El caso es que la arquitectura es importante, extrañamente importante en este libro. Aunque su subtítulo no lo avisa, la primera parte del libro nos habla de edificios y delineamientos urbanos, como si para ser modernos fuera necesario un fondo acorde, una sombra grande y nueva para las drogas y los besos.
La gran fuente de datos sobre la época no es otra que la revista Cuadernos para el diálogo, lo cual resulta muy llamativo. Antes (se ve también en los trabajos de Naomi Wolf sobre feminismo) las revistas eran cruciales, vertebradoras, portavoces. Ahora no sé si hay alguna revista que le interese a alguien. Hojeando esta revista, Fernández de Alba le saca las tripas a la época, porque la revista iba muy por delante de su tiempo, anticipándolo todo. En menor medida, también se extraen asuntos de la revista Triunfo.
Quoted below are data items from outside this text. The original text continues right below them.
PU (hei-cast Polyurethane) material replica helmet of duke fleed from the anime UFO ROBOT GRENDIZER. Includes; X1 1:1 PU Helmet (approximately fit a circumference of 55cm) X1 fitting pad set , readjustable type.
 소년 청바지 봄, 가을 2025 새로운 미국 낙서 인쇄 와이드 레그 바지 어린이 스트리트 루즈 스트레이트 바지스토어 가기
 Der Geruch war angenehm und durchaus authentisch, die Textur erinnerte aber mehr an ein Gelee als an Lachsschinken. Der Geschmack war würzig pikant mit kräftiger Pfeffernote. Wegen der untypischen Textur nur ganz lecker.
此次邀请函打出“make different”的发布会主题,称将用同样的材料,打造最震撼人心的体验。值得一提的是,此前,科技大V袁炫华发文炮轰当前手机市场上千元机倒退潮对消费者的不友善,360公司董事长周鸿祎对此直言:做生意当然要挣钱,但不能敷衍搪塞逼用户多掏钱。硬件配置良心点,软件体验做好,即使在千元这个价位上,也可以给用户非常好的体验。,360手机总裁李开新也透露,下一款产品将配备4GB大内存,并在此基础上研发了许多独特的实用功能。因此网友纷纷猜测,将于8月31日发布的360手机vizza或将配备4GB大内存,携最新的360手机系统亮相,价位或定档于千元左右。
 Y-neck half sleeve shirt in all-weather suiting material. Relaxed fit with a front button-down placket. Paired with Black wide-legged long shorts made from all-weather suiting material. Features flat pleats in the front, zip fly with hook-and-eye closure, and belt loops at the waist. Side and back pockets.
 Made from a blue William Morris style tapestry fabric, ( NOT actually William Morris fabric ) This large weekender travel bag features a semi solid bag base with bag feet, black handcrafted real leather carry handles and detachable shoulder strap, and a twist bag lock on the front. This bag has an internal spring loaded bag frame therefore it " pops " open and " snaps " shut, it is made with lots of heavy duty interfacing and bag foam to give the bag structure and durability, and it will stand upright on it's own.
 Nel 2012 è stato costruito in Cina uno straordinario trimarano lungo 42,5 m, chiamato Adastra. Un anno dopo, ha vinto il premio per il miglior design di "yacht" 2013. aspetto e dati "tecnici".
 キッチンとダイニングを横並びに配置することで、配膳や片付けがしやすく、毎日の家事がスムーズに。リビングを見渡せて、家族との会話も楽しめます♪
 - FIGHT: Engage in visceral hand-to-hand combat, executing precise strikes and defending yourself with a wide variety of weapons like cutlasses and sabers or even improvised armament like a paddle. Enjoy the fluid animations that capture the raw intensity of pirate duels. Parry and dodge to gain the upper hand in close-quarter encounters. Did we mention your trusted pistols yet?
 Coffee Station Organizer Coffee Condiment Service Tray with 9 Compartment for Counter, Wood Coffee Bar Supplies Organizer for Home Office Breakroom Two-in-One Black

Desde que en 1966 hubo “una relajación de las leyes de la censura”, se sabía que la modernidad iba a llegar algún día. Para reinventar Madrid, se echaba mano del ensayo de Henry Lefebre El derecho a la ciudad. En 1970, un encantador programa televisivo llamado Tele-Club Campo Pop se dedicó a buscar grupos de rock (“conjuntos músico-vocales”) en municipios de menos de 100.000 habitantes. En 1977, Ramón Tamames y Manuel Castells, entre otros, escribieron Madrid para la democracia: la propuesta de los comunistas.
Algo que sorprende (o no) en este recuento de autorías y creaciones es encontrarse con no pocos nombres que aún hoy siguen sonando en nuestras vidas. Ahí tenemos a José Félix Tezanos escribiendo sobre violencia social en Cuadernos para el diálogo; o a Cristina Almeida y Manuela Carmena en el número especial de esta revista dedicado a La Mujer (1965, reeditado en 1970). También comparecía Lidia Falcón.
Cuando Umbral en sus columnas de entonces hablaba mucho de “las asociaciones”, debía de referirse (ahora lo pillo) a las asociaciones de mujeres y a las de vecinos. De hecho, me extraña que Antes de ser modernos no cite ni una sola vez a Francisco Umbral, ni tampoco a la editorial Anagrama, cuyo catálogo de entonces coincidía punto por punto con esa apertura a las drogas y al sexo heterodoxo que trata aquí de iluminarse.
La temática transgénero tenía entonces un peso impresionante en prensa y conversaciones, apoyada además por el cine, con películas como Mi querida señorita (1972) o Cambio de sexo (1977), con Bibi Andersen (antes, Bibiana Fernández).
Más ecos o reiteraciones encontramos con el consumo de drogas. Ya en los años 70 se decía (como se diría luego en los 80 en el País Vasco) que era el propio gobierno el que promovía la drogadicción juvenil para “controlar a la población”. En el capítulo sobre drogas, echa uno de menos una presencia más notable de Antonio Escohotado. Quizá el autor tiene sus manías personales.
Sí aparecen Eduardo Haro Ibars o Ángel Montoto, y la noción de que “cientos de miles de personas” identificaban heroína con modernidad. El autor se muestra muy acertado en este análisis: “Discurso generalizado y contradictorio sobre la heroína: es glamurosa, exótica y placentera y, al mismo tiempo, se presenta como una sustancia prohibida utilizada por el Estado como método de control destructivo y a veces letal. La consecuencia era que los artistas, periodistas y profesionales, aparentemente inmunes a las cualidades adictivas de la heroína, podían consumirla, pero los desprevenidos no, porque podrían caer en la conspiración de las altas esferas para reprimir la disidencia”.
Drogarse es querer ser moderno, no tiene más misterio.